You find the class or ID of the iframe by using the web inspector, finding your element, and going up up up up up the indented sections until you find `<iframe>`!

### Second issue

*You can't even use the `input` in this case*. It's a dumb system where you have to click a div that pretends to be a text input, [type on the keyboard](https://playwright.dev/docs/api/class-keyboard), then click some text that shows up and then click submit. It's *awful*.

### Okay, now do it

Your steps will look something like this:

1. Find the iframe
2. Find the div inside the iframe you need to click (the one that pretends to be the text box).

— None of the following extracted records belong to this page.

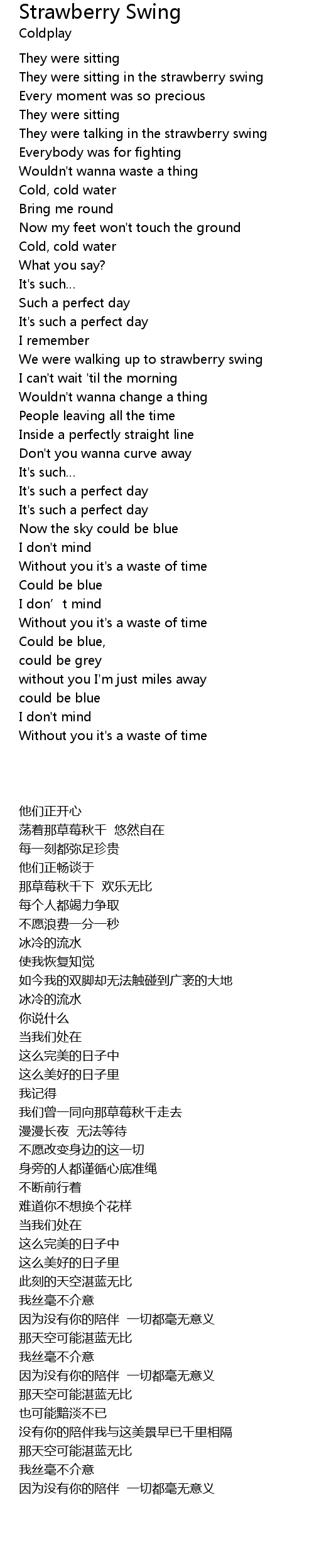 | [00:52.27] | They were talking in the strawberry swing |
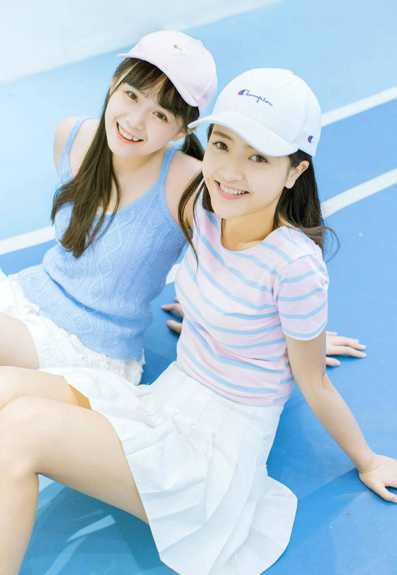 可爱姐妹花网球场亲密写真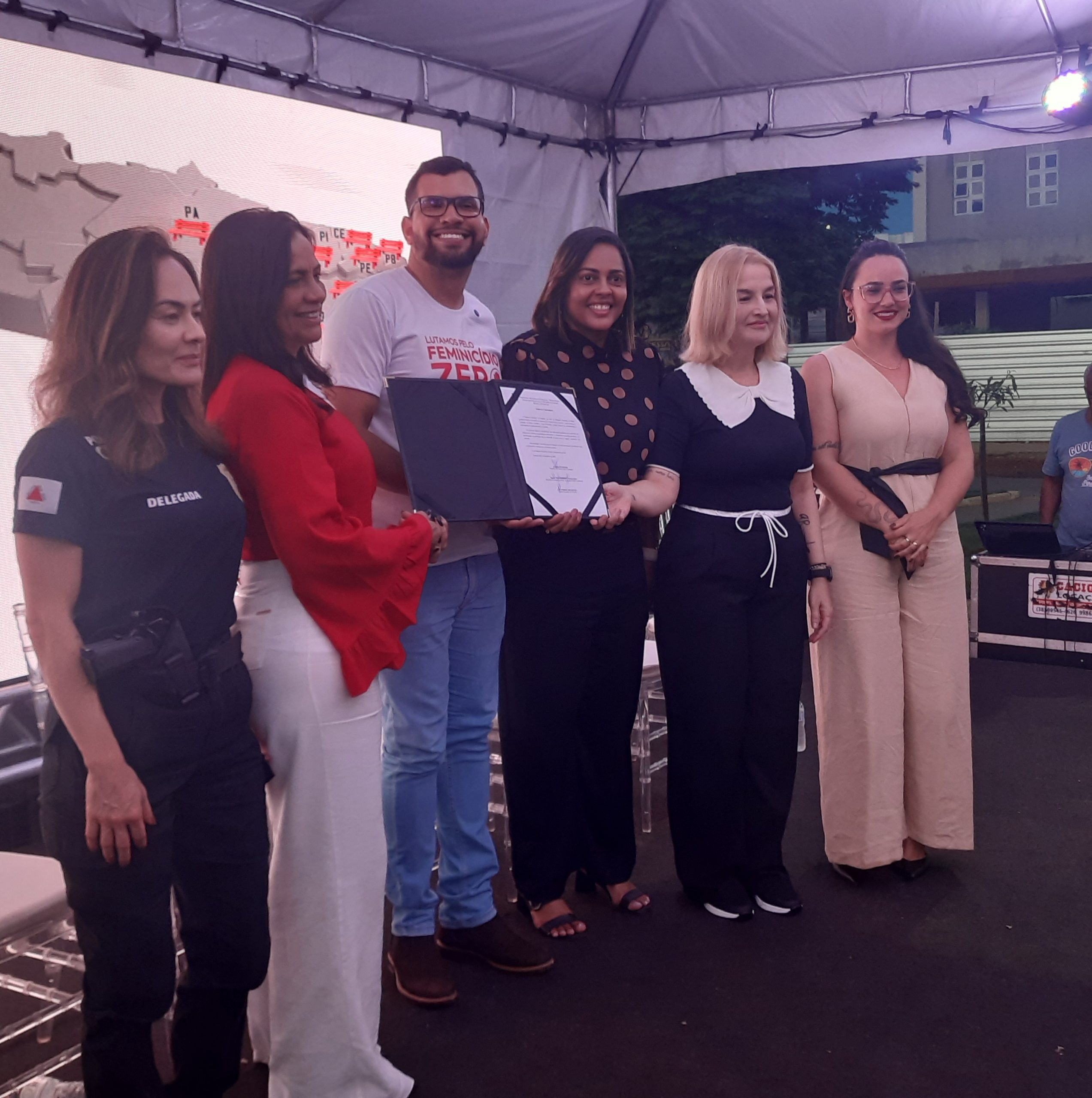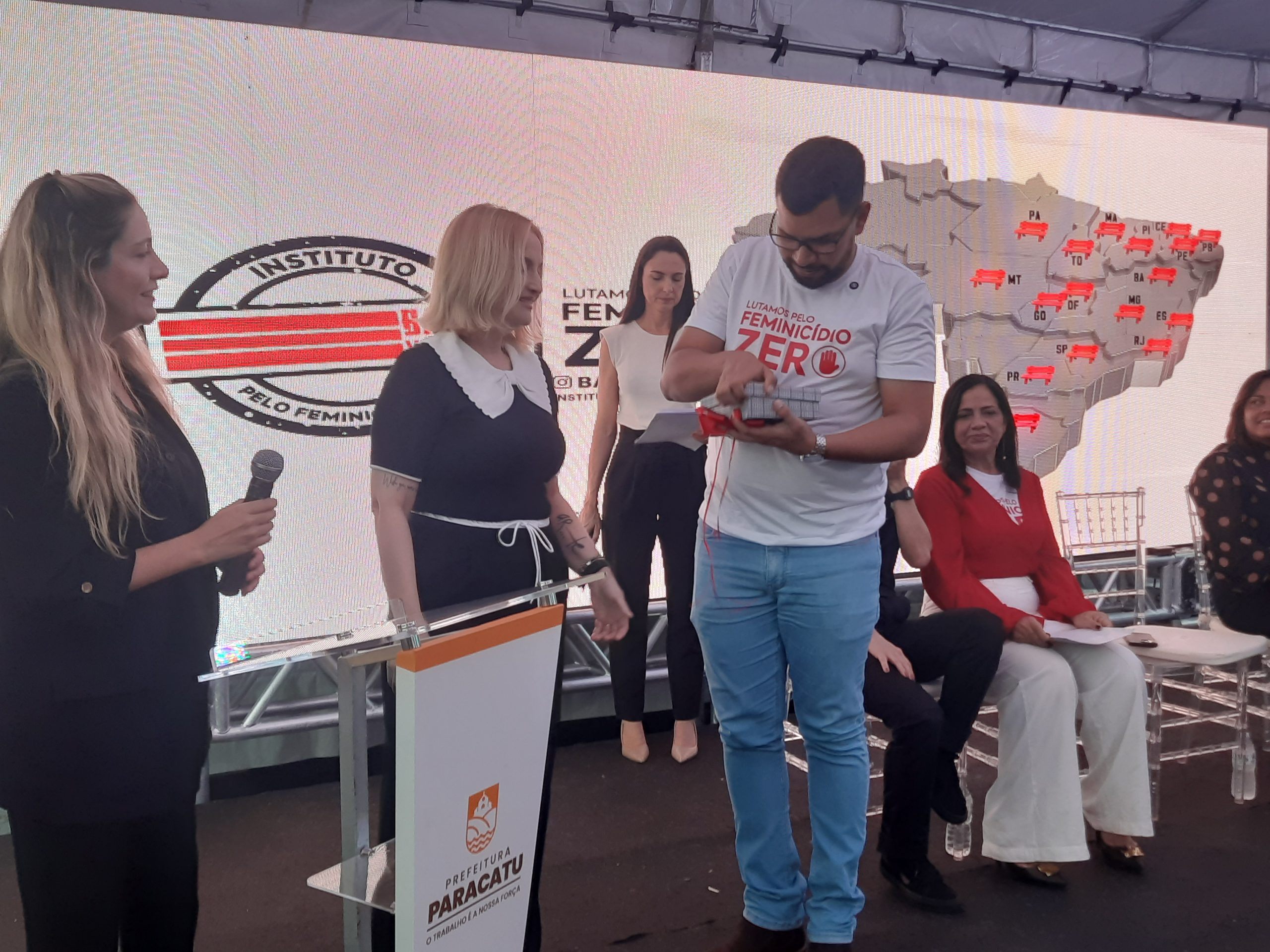 A solenidade reuniu autoridades e representantes de instituições comprometidas com a causa. Estiveram presentes o prefeito Igor Santos; a secretária municipal da Mulher, Igualdade Racial e Juventude, Maria José Brandão; a presidente do Instituto Banco Vermelho, Andréa Rodrigues; a vereadora e presidente do Conselho da Mulher, Sara Diniz; a presidente do Conselho da Mulher, Jenifer Blat; e a delegada da Mulher, Luciene Akemi. A união de vozes e olhares reforçou o caráter coletivo da iniciativa: o enfrentamento à violência contra a mulher é responsabilidade de toda a sociedade.
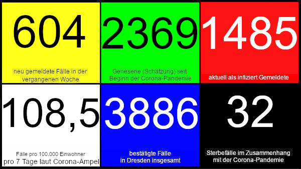 Das Dresdner Gesundheitsamt meldet mit Stand heute 12 Uhr für die vergangene Woche 604 Neuinfektion, die Corona-Ampel steht auf „Rot“, 14 Personen wurden in der vergangenen Woche neu in ein Krankenhaus aufgenommen, acht Personen verstarben laut Totenschein an einer COVID-19-Erkrankung.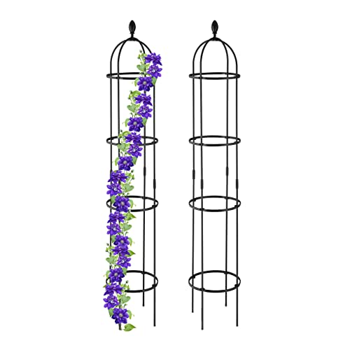 Relaxdays Rankhilfe Obelisk2er Set, 190 cm hoch, Ranksäule für Kletterpflanzen, freistehend, Metall Rosenturm, schwarz, 190 x 35 cm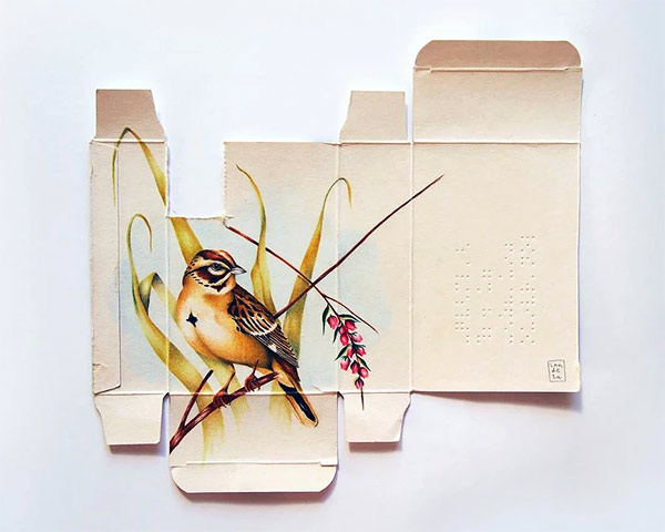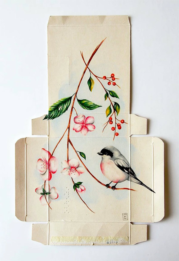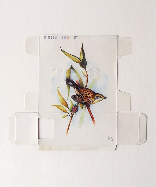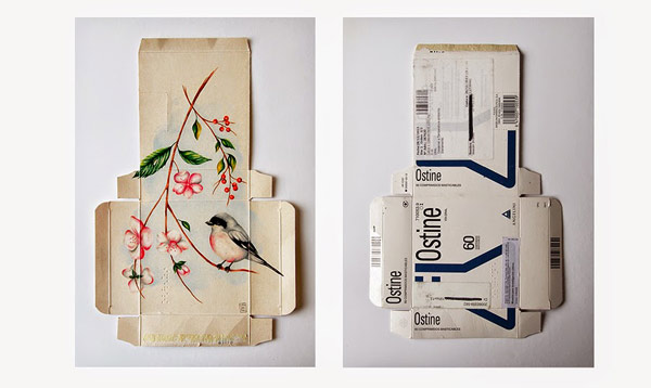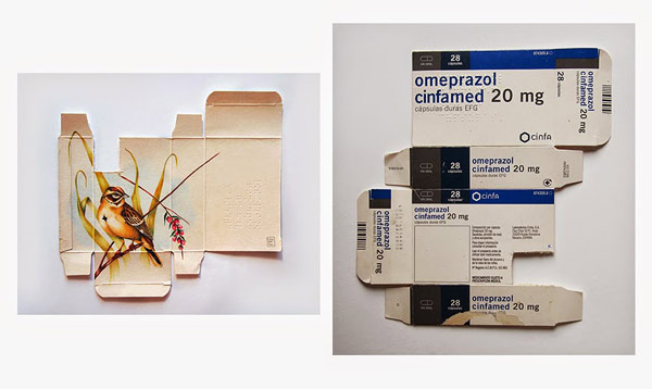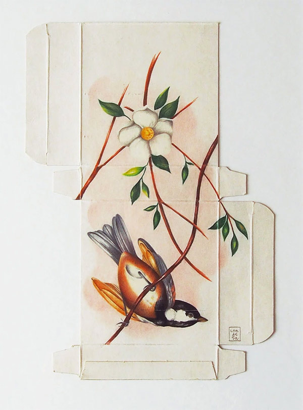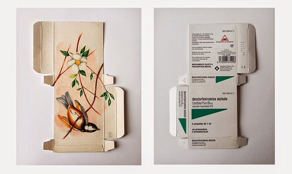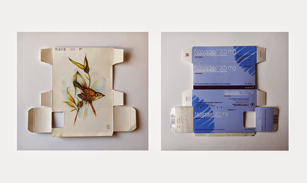 Paintings of birds on pharmaceutical boxes by artist Sara Landeta. I’m actually nervous about even typing the word pharmaceutical in this post (now it’s in here twice, aaah) I feel like it’s like asking for spam comments. Anyways, I like this series. More images below.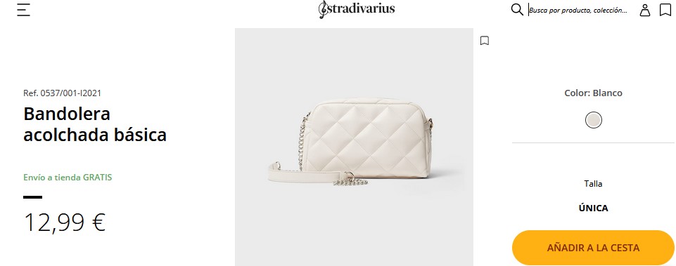 Esta hermosa bandolera de color blanca, cuenta con unos hermosos detalles acolchados en toda parte. Además, cuenta con una cadena para darle el toque único al bolso y un poco más elegante. Por lo que, otro de los productos de Stradivarius preferidos por las mujeres en esta temporada. Son fabricados en la parte exterior en 100% de poliuretano, por lo que no se debe lavar, inclusive no usar lejía ni blanqueador. Menos se debe planchar, no limpiar en seco y no usar secadora. Entonces, adquiere esta hermosa bandolera por Stradivarius a un precio accesible de 12,99 €.
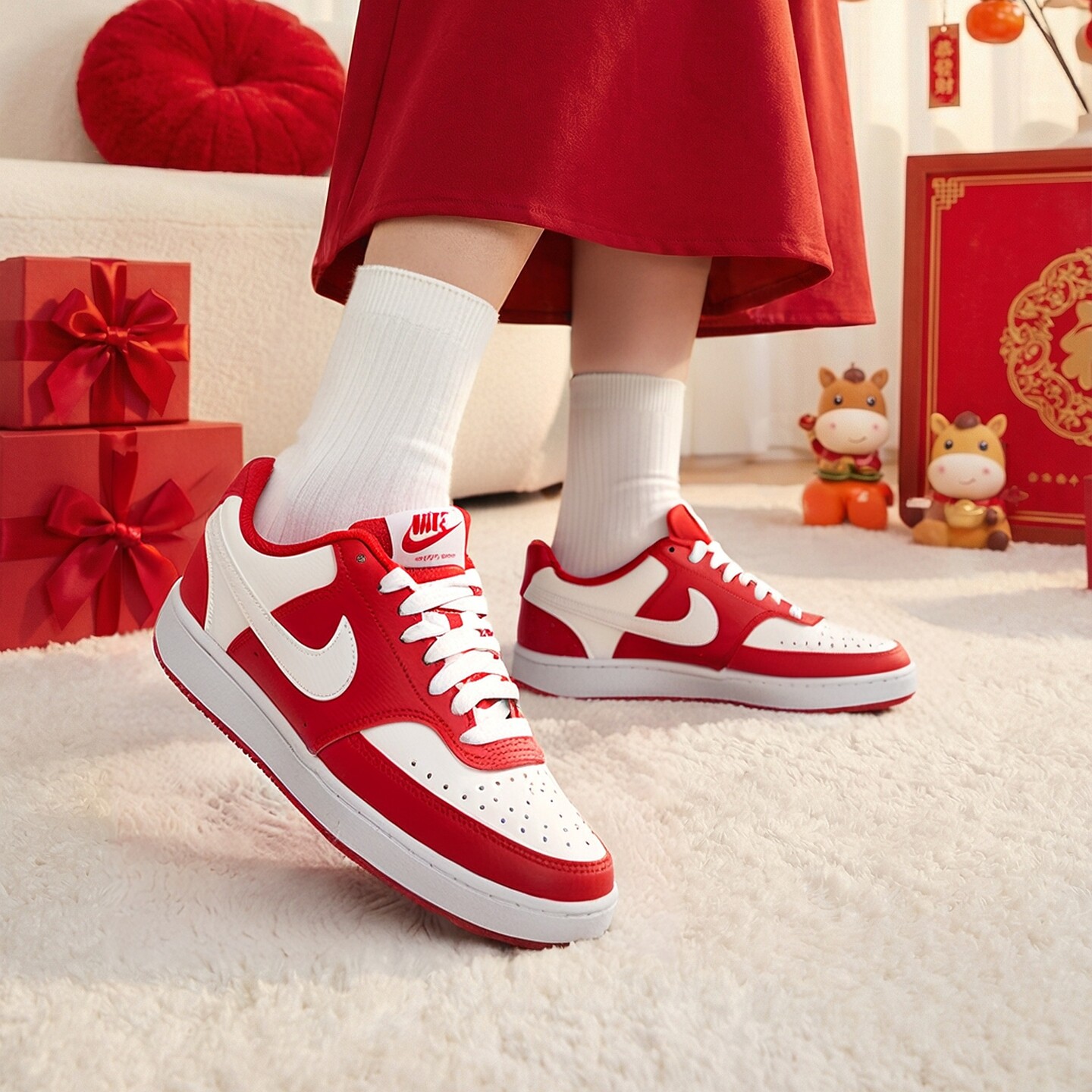 NIKE耐克板鞋男鞋女鞋2025冬季新款本命年红色court运动鞋休闲鞋

I used xpath for this one.
3. [Type on the keyboard](https://playwright.dev/docs/api/class-keyboard) 
4. Click the popup that suggests the mine you're interested in
5. Click the submit button

Using `.get_by_text` is a lot easier than `.locator` for a few of these.

## Scraping

Originally I had people scrape the page, displaying the following **in a dictionary.**

- The mine name
- The mine status
- The mined material
- The operator
- The current address

But this page has changed, oh how it has changed. It's now the most insane page I have ever seen in my life, and the only reason I'm continuing on with writing this assignment is to make you appreciate data cleaning.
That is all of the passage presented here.